Supplied information
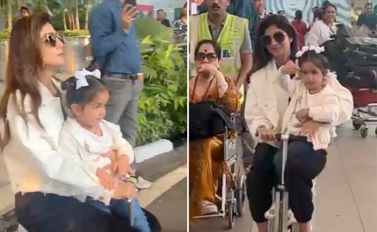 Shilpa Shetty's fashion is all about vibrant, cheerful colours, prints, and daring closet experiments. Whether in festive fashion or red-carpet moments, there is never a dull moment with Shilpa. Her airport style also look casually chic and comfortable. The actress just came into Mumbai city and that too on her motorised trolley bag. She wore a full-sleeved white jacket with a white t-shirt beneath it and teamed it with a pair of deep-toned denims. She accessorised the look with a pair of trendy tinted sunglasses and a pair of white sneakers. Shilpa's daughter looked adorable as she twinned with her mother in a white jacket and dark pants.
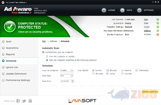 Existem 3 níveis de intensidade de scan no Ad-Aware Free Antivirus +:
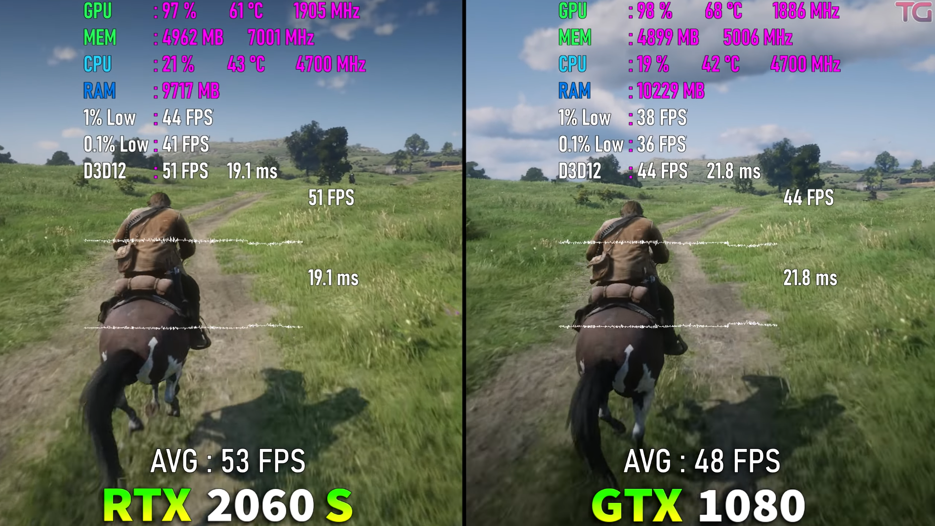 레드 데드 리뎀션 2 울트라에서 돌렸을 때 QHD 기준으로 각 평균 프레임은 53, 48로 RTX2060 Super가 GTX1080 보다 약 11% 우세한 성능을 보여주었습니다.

The problem
Pass over the images and copy the rest of the material above exactly.

Output for this exercise
 Shilpa Shetty's fashion is all about vibrant, cheerful colours, prints, and daring closet experiments. Whether in festive fashion or red-carpet moments, there is never a dull moment with Shilpa. Her airport style also look casually chic and comfortable. The actress just came into Mumbai city and that too on her motorised trolley bag. She wore a full-sleeved white jacket with a white t-shirt beneath it and teamed it with a pair of deep-toned denims. She accessorised the look with a pair of trendy tinted sunglasses and a pair of white sneakers. Shilpa's daughter looked adorable as she twinned with her mother in a white jacket and dark pants.
 Existem 3 níveis de intensidade de scan no Ad-Aware Free Antivirus +:
 레드 데드 리뎀션 2 울트라에서 돌렸을 때 QHD 기준으로 각 평균 프레임은 53, 48로 RTX2060 Super가 GTX1080 보다 약 11% 우세한 성능을 보여주었습니다.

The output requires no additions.